» **WHAT YOU HAVE TO DO**
No pictures, please: print exactly the lines from the one that contains "合理规划服务器带宽是一项复杂" through the last line of the listing.

» **RECORDED DATA**
-=-=-
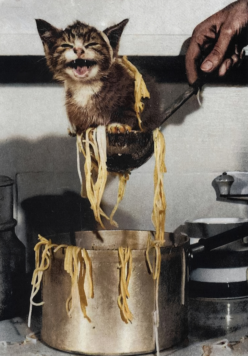 Пушистые питомцы сами по себе дарят радость и поднимают настроение своим хозяевам. Но порой котики удивляют еще больше, демонстрируя необычное поведение: имитируют человеческие привычки или проявляют настоящую смекалку. Такие моменты вызывают неподдельный восторг у всех, кому посчастливится их наблюдать. Фотографии, запечатлевшие эти забавные эпизоды, моментально становятся популярными в сети, принося улыбки тысячам людей. Именно такую подборку с очаровательными и остроумными кошачьими выходками я подготовил для вас. Все фотографии были сделаны на протяжении ХХ века, и раскрашены мной в XXI. Приятного просмотра и хорошего настроения! Фотография из журнала «The Best of LIFE», 1975 год. Новоселье, 1970-е. Традиция запускать кошку в новую квартиру — это древний обычай, который до сих пор сохраняется в некоторых культурах и семьях. Считается, что кошка, благодаря своей чуткости и способности "чувствовать" энергетику пространства, может очистить дом от негатива, устранить дурные предчувст
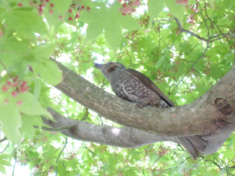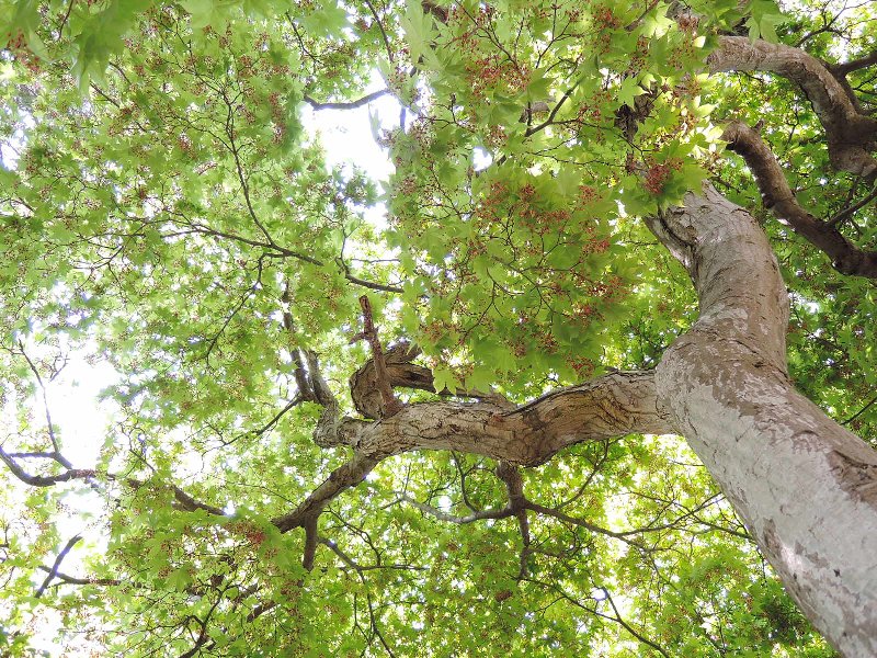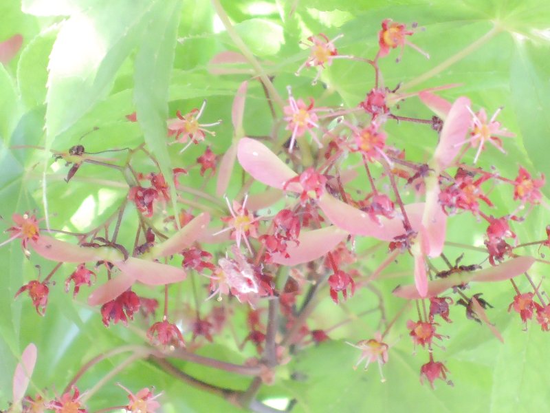 カエデの実(種)が付き始めました。ヘリコプターの羽根のような形で、ピンクのきれいな色です。一見、花が咲いているかのようですが、実です。秋になると、しっかりとした種ができ、羽根も乾燥して、ヘリコプターの羽根のように回りながら飛んで行き、子孫を残そうとします。
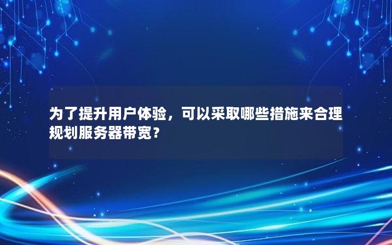 合理规划服务器带宽是一项复杂而又必要的任务,它涉及到多个方面的考量。只有从整体出发,综合运用多种方法才能真正实现既满足当前需求又能适应未来发展的目标,从而为用户提供更加流畅、稳定的访问体验。
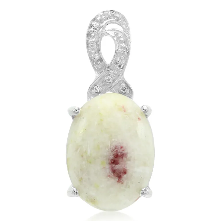 Entdecken Sie die Faszination dieses einzigartigen Anhängers mit einem fesselnden ovalen Cinnabar-Cabochon von 8,35 Karat, eingebettet in 925er Sterlingsilber. Die Seltenheit dieses aus den USA stammenden Edelsteins wird durch das Funkeln von neun brasilianischen weißen Topasen verstärkt, die zusammen zu einem Gesamtkaratgewicht von 8,386ct beitragen. Mit seinen Maßen von 27 x 12 mm ist dieser Anhänger ein Statement, das sowohl zu Tages- als auch zu Abendkleidung passt und perfekt für alle ist, die den Zauber natürlicher Edelsteine zu schätzen wissen.
-=-=-
» **SOLVED EXERCISE**
 合理规划服务器带宽是一项复杂而又必要的任务,它涉及到多个方面的考量。只有从整体出发,综合运用多种方法才能真正实现既满足当前需求又能适应未来发展的目标,从而为用户提供更加流畅、稳定的访问体验。
 Entdecken Sie die Faszination dieses einzigartigen Anhängers mit einem fesselnden ovalen Cinnabar-Cabochon von 8,35 Karat, eingebettet in 925er Sterlingsilber. Die Seltenheit dieses aus den USA stammenden Edelsteins wird durch das Funkeln von neun brasilianischen weißen Topasen verstärkt, die zusammen zu einem Gesamtkaratgewicht von 8,386ct beitragen. Mit seinen Maßen von 27 x 12 mm ist dieser Anhänger ein Statement, das sowohl zu Tages- als auch zu Abendkleidung passt und perfekt für alle ist, die den Zauber natürlicher Edelsteine zu schätzen wissen.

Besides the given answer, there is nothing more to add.